Penghapusan tombol dislike misalnya, merupakan langkah berani yang belum banyak dilakukan platform lain. TikTok dan Instagram Reels masih mempertahankan tombol like dan dislike dalam bentuk yang berbeda. YouTube justru memilih jalur yang lebih progresif dengan fokus pada personalisasi konten.
Fitur kecepatan 2x juga menjadi pembeda. Meskipun beberapa platform video pendek sudah memiliki opsi kecepatan, YouTube mengoptimalkannya khusus untuk Shorts dengan mempertimbangkan durasi yang sangat singkat.
Mode âClear Screenâ juga menjadi nilai tambah yang signifikan. Di era di mana antarmuka pengguna semakin kompleks, fitur ini memberikan opsi minimalis yang menyegarkan bagi pengguna yang ingin fokus pada konten.
Dengan semua pembaruan ini, YouTube menunjukkan komitmennya untuk terus mengembangkan Shorts sebagai platform video pendek yang kompetitif. Perusahaan juga tampaknya ingin menciptakan lingkungan yang lebih positif dan intuitif bagi pengguna.
Bagi pengguna setia YouTube, perubahan ini mungkin memerlukan waktu untuk beradaptasi. Namun, secara keseluruhan, arah pengembangan Shorts terlihat positif dengan fokus pada efisiensi, kenyamanan, dan pengalaman pengguna yang lebih baik.

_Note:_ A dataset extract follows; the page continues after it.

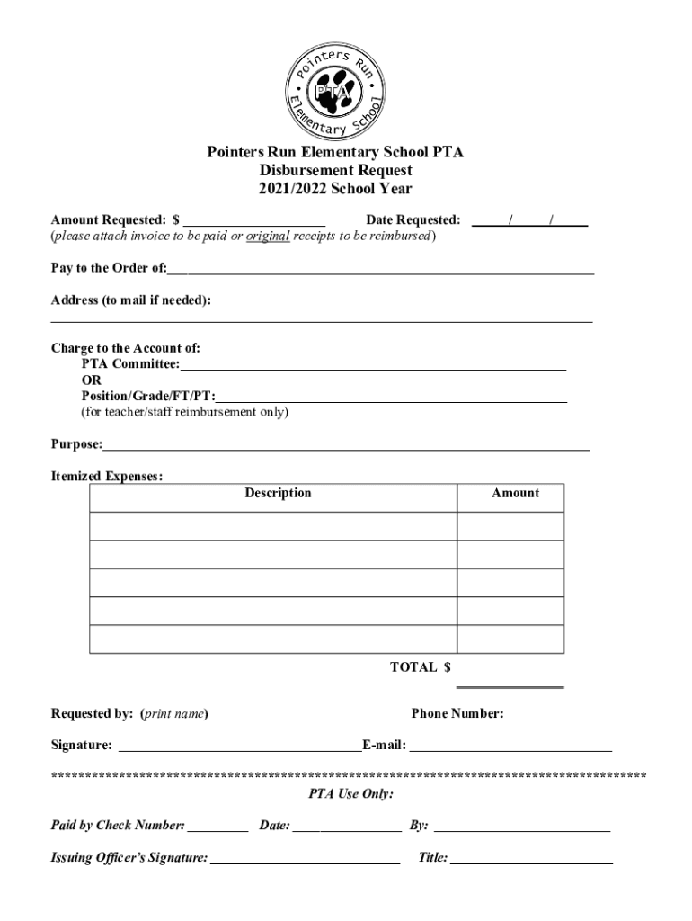 Pointers Run Elementary School PTA Disbursement Request 2021/2022 School Year Amount Requested: $ ___ Date Requested: (please attach invoice to be paid or original receipts to be reimbursed)//___Pay

YouTube juga telah menyelesaikan berbagai masalah hukum terkait dampak media sosial pada anak-anak. Dengan pendekatan moderasi konten yang lebih ketat, platform ini berusaha menciptakan lingkungan yang lebih aman bagi pengguna muda.
Di sisi lain, persaingan dengan platform lain seperti Instagram yang merilis fitur baru untuk TV menunjukkan bahwa pertempuran di ranah video pendek masih akan berlangsung sengit. YouTube perlu terus berinovasi untuk mempertahankan posisinya.
Ke depannya, pengguna dapat menantikan lebih banyak pembaruan dari YouTube Shorts. Perusahaan telah mengisyaratkan bahwa perubahan ini baru awal dari serangkaian pengembangan yang akan datang.
Bagi kreator konten, penting untuk terus memantau perubahan ini dan menyesuaikan strategi pembuatan konten. Dengan fitur kecepatan 2x misalnya, kreator perlu memastikan pesan utama tersampaikan dengan jelas dalam waktu yang lebih singkat.
Sementara itu, pengguna biasa bisa menikmati pengalaman menonton yang lebih nyaman dan efisien. Fitur kecepatan 2x dan mode âClear Screenâ menjadi alat yang berguna untuk mengonsumsi konten sesuai preferensi masing-masing.
YouTube Shorts juga semakin terintegrasi dengan ekosistem YouTube secara keseluruhan. Pengguna bisa dengan mudah beralih antara Shorts dan video reguler, menciptakan pengalaman menonton yang seamless.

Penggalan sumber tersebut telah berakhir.